Our Nobel laureate Malala is no accident.
One of the many things to celebrate about our Malala Yousafzai co-winning the 2014 Nobel Peace Prize with India’s Kailash Satyarthi was the joyous unanimity it produced among Pakistan’s politicians. From Prime Minister Nawaz Sharif to Imran Khan to Bilawal Bhutto Zardari to the traditional killjoys of the Jamaat-e-Islami, the reaction to the Norwegian Nobel Committee’s announcement of Oct. 10 was one of pride and cheer. The Pakistan Army, which very publicly supported and aided Malala after she was shot in the head by the Taliban two years ago in Swat, was also exultant.
But the cynics couldn’t keep their peace, not even on the day that Pakistan won its second Nobel and Malala, at 17, became the youngest ever laureate. Indeed, a South Asian-looking reporter questioned the wisdom of the Nobel Committee’s decision to honor Malala during the live announcement. In Pakistan, social media skewed indignant almost immediately, siding with the heretic reporter. What has Malala done anyway to win what is arguably the world’s most prestigious award? Why has the ascetic philanthropist Abdul Sattar Edhi, working so effectively and for so long for the poor of Pakistan, been ignored yet again? Besides surviving an attempt on her life, these people believe Malala hasn’t actually done anything to deserve the Nobel.

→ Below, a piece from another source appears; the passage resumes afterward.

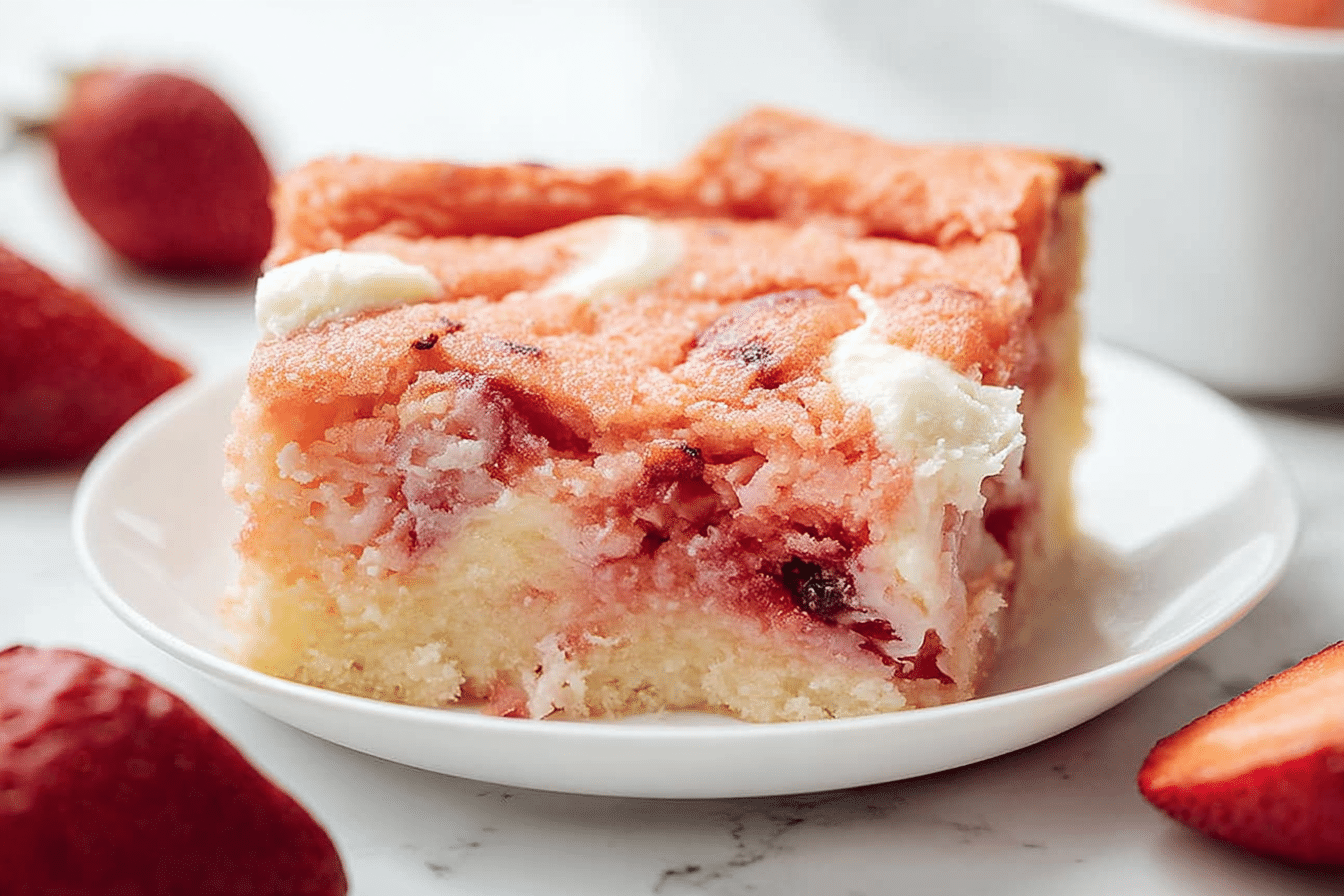 A gooey, nostalgic Southern dessert made with white cake mix, cream cheese, strawberries, and coconut. This scoopable cake is as dramatic as it is delicious, with crackled tops and sweet, jammy pockets.

The cynical take on Malala is very likely unrepresentative of Pakistan as a whole. But, naturally, this viewpoint is embraced by both the militant left (which views her as a passive vessel for Orientalist visions of the helpless oppressed Muslim woman) and the militant right (which sees her as an upstart who has gotten too big for her boots). For both these extremes, Malala is one without achievements, a contrived symbol foisted upon Pakistan. But woe betides the country that panders to its militant fringes. Malala deserves all the honors she has received, including the Nobel, because of all she has done prior to and after being nearly killed and for all that she so gracefully represents.

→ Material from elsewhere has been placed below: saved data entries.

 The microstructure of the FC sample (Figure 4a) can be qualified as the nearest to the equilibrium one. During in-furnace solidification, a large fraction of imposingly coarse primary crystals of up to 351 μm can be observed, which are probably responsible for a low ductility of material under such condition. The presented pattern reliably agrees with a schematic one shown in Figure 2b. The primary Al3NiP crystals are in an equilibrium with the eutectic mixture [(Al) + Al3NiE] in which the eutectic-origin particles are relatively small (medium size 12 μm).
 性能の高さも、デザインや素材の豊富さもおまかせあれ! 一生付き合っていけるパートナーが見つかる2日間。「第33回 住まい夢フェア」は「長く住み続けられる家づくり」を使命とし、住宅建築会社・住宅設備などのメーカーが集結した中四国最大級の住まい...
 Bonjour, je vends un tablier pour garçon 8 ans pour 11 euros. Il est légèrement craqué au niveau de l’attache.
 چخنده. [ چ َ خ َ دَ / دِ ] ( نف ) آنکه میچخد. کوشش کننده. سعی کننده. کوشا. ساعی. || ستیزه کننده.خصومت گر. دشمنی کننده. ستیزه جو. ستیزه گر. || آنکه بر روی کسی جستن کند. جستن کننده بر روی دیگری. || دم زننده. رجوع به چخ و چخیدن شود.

Malala was made famous by the Pakistani media and honored widely at home for good reason, before the Taliban attacked her school van. In 2009, when Pakistan cravenly surrendered Swat to the Taliban, who promptly took to bombing schools and banning women from sight, she stood up and she spoke up. She showed more guts than any man or woman in the national and Khyber-Pakhtunkhwa assemblies, legislatures that endorsed the white-flag deal with the militants. She took a stand not just for her own right to an education but against the state’s shameful bending at the knee to the Taliban.

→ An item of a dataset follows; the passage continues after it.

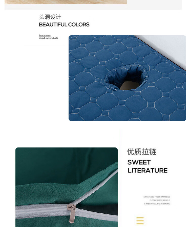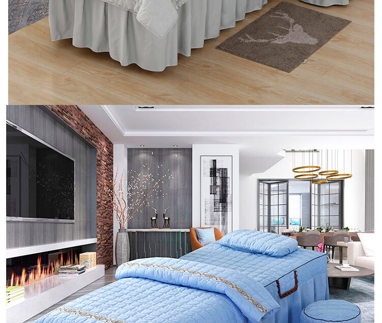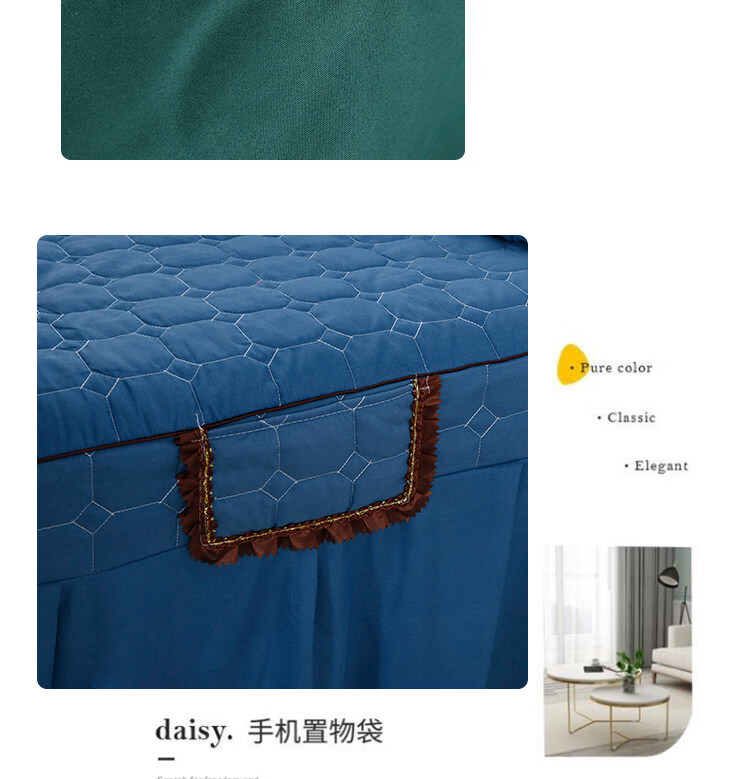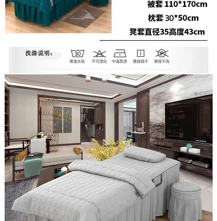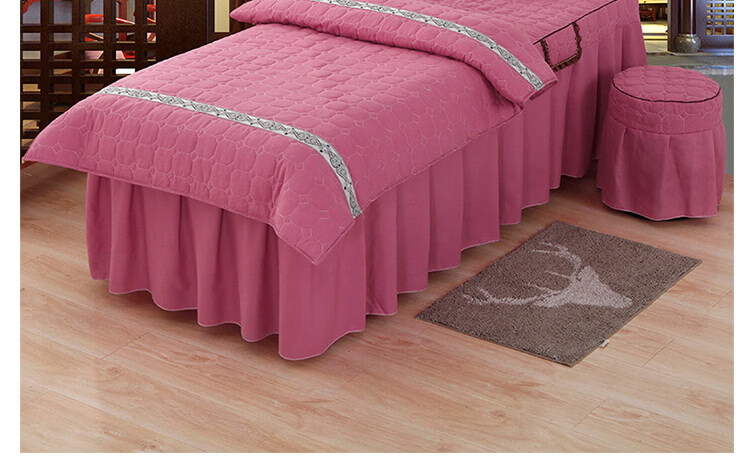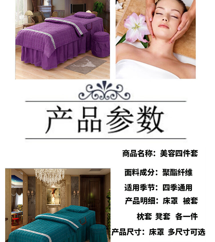正圣美容院床罩按摩推拿床套四件套单件理疗纯色带洞床单简约床裙床罩 小花香--湖蓝色 方头四件套 190cm*80cm

But if what Malala did before the attack on her was courageous, what followed was more amazing still. It’s one thing to stand up for your rights; it’s quite another to forgive your attackers and to see in them the seeds of a common humanity. Since her relocation to Birmingham, U.K., Malala has become a global ambassador for girls’ rights. Her Malala Fund is helping schools in Pakistan, Jordan, Syria and Nigeria. She’s spoken at the U.N., met U.S. President Barack Obama and Queen Elizabeth, and spoken against U.S. drone strikes in Pakistan. Davis Guggenheim, who won the Oscar for another Nobel Peace Prize winner Al Gore’s An Inconvenient Truth, is soon releasing a documentary on her that’s sure to see her on stage in Los Angeles. Both her books are bestsellers. In short, Malala has brought front-page prominence to the education of girls, a pressing Third World problem.
Islam is a religion of peace and humanity. And Malala embodies this. She has dedicated her young life to working for children’s rights. The uncharitable criticism that has been unleashed at her represents the worst of our society, and our religion. Her response—of compassion, decency, intellectual curiosity, honesty—represents the best of our society and religion. Malala is also an able ambassador of Pakistan. For years, Pakistan has tried, and failed, to convince the world that it is a victim, not a patron, of terrorism. Malala’s ordeal, now known globally, assists Pakistan’s case more effectively than any politician’s speech or sound bite ever has or ever could.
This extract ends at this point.